Lets come back to the PE discussion for a moment. I told you that Nifty50 PE is above 24. Have a look at this graph:
This is a graph where I have plotted actual Nifty level (blue line) and hypothetical Nifty levels at PE24 (red line) and PE12 (green line).
If you observe carefully, the blue line seems to bounce off whenever it is about to touch either the red or the green line (bounce points highlighted by red and green circles).
Also, if you notice that big red arrow – that is our markets now. We are once again flirting with PE24 levels. So danger lights are on.
I know, this graph makes me look like someone trying to use technical analysis to draw out fundamental conclusions. But it is clearly evident.

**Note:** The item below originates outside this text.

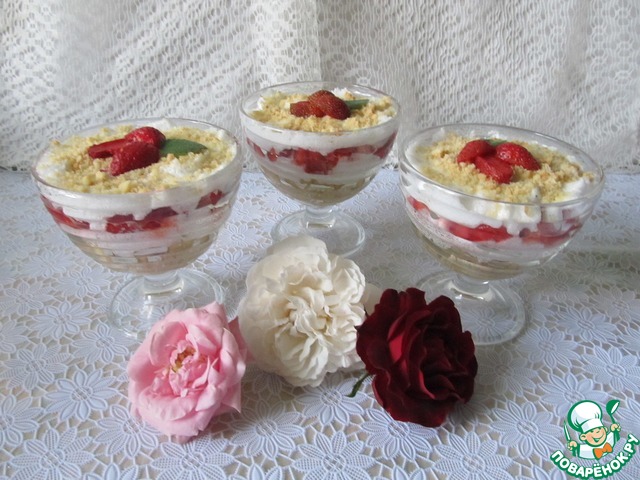 В период урожая клубники хочется успеть приготовить не только варенья, но различные десерты, салаты, выпечку с клубникой. И тут мимо десерта с бананом не пройти. Классическое сочетание банана и клубники дополнено вкусным песочным печеньем и белковым кремом.

Chances of markets sustaining above very high PEs is very low. There is always a reversion towards the mean (i.e. lower PEs in this case).

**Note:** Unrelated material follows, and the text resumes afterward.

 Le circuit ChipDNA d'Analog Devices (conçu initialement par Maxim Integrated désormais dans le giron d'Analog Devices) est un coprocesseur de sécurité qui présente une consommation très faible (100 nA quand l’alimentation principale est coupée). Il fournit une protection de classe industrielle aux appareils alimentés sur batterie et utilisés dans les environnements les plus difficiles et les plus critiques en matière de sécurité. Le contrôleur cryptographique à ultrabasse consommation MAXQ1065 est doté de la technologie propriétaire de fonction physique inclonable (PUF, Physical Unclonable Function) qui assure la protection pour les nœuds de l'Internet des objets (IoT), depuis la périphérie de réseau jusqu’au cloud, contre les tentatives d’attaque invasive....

But don’t think that this should be the only criteria to assess market valuations. Also, simply basing your individual stock buy/sell decisions on broader market indicators is wrong. Its infact criminal!
But you need to be aware of what is happening in markets. And tracking few of these indicators (like I do in State of India Stock Markets every month) can be quote helpful. Atleast you are not taking decisions blindly.
High PE is No Guarantee of Stock Market Crash!
Yes. Just because markets have a high PE doesn’t mean that markets will crash.
PE Ratio = Price / Earnings
So if price (index level) remains same and earnings increase, the PE will naturally come down – i.e. valuations can come down even without price correction.
Talking of earnings (of all companies that are part of index), it is worth asking how are these companies doing on earning front? Or what are the projections for near term.
Most people expect and believe that earnings will improve going forward. One of the reasons being given is that the groundwork done by government in last two years has set the stage for revival. Then banks NPA mess will finally be over and interest rates will fall and this and that and what not….
So if earning do indeed improve, the markets will become reasonably valued without even a correction.
But if earning do not improve and given that valuations (expectations) are already very high currently, we cannot rule out a correction – small or large, I don’t know.
A fall of even 10% in short term is not rare. I personally will welcome such a fall if any.
But markets have this uncanny habit of doing what nobody expects them to. There won’t be any correction when most people are talking about it. But the correction (or crash) will take place when most people aren’t expecting it.
As of now, the general perception is that near-term future is bright. So if markets were to surprise this general perception, it should fall. Now I think that Indian stock markets are overvalued in general (driven by hope that earnings will improve) and a correction here will be healthy. So if markets were to surprise me instead, they would ignore me and continue rising. My bad luck then.
But don’t forget that a good part of the recent upmove is fueled by FII money. And they can very quickly move in or out of the market – driven by news or other factors. So an abrupt fall in our markets, if FIIs decide that ‘enough is enough’ should not come as a big surprise.